Speech and voice agents - AWS Prescriptive Guidance

Speech and voice agents

Speech and voice agents interact with users through spoken dialogue. These agents integrate speech recognition, natural-language understanding, and speech synthesis to enable conversational AI across telephony, mobile, web, and embedded platforms.

Voice agents are particularly effective in hands-free, real-time, or accessibility-driven environments. By combining streaming interfaces with LLM-powered reasoning, they facilitate rich, dynamic interactions that feel natural to users.

Architecture

A speech and voice agent is shown in the following diagram:

Speech and voice agents.

Description

  1. Receives a voice query

    • The user voices a request to a phone, microphone, or embedded system.

    • A speech-to-text (STT) module converts the audio to text.

  2. Integrates streaming and telephony context

    • The agent uses a streaming interface to manage audio I/O in real time.

    • If it's deployed in a contact center or telecom context, telephony integration handles session routing, dual-tone multi-frequency (DTMF) input, and media transport.

Note: DTMF refers to the tones generated when you press buttons on a telephone keypad. In the context of streaming and telephony context integration within voice agents, DTMF is used as a signal input mechanism during a phone call, especially in interactive voice response (IVR) systems. DTMF inputs enable the agent to:

  • Recognize menu selections (for example, "Press 1 for billing. Press 2 for support.")

  • Collect numeric inputs (for example, account numbers, PINs, and confirmation numbers)

  • Trigger workflows or state transitions in call flows

  • Revert from speech to touch-tone when necessary

  1. Reasons through LLM stream context

    • The query is sent to the agent, which passes it, along with any session metadata (for example, caller ID, prior context), to an LLM.

    • The LLM generates a response, possibly using a chain-of-thought strategy or multiturn memory if the interaction is ongoing.

  2. Returns a voice response

    • The agent converts its response to speech using text-to-speech (TTS).

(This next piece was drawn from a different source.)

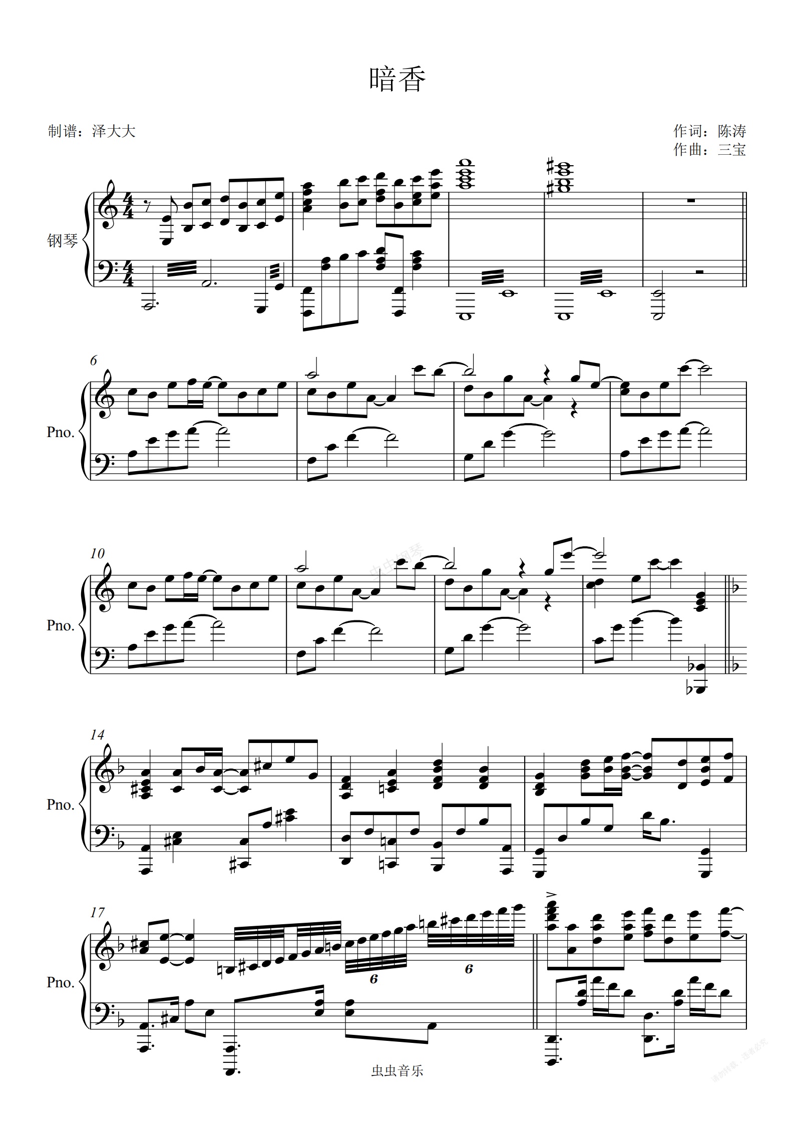 钢琴谱:暗香 罗曼耶卓 Oskar Roman Jezior 泽大大扒

    • It returns audio to the user through a voice channel.

Capabilities

  • Real-time speech understanding and generation

  • Multilingual I/O with STT and TTS support

  • Integration with telephony or streaming APIs

  • Session awareness and memory handoff between turns

Common use cases

  • Conversational IVR systems

  • Virtual receptionists and appointment schedulers

  • Voice-driven helpdesk agents

  • Wearable voice assistants

  • Voice interfaces for smart homes and accessibility tools

Implementation guidance

You can build this pattern using the following tools and AWS services:

  • Amazon Lex V2 or Amazon Transcribe for STT

  • Amazon Polly for TTS

  • Amazon Chime SDK, Amazon Connect, or Amazon Interactive Video Service (Amazon IVS) for streaming and telephony

  • Amazon Bedrock for reasoning with Anthropic, AI21, or other foundation models

  • AWS Lambda to connect STT, LLM, TTS, and session context

(Optional) Additional enhancements may include the following:

  • Amazon Kendra or OpenSearch for context-aware RAG

  • Amazon DynamoDB for session memory

  • Amazon CloudWatch Logs and AWS X-Ray for traceability

Summary

Speech and voice agents are intelligent systems that interact through natural conversations. By integrating speech interfaces with LLM reasoning and real-time streaming infrastructure, voice agents enable seamless, accessible, and scalable interactions.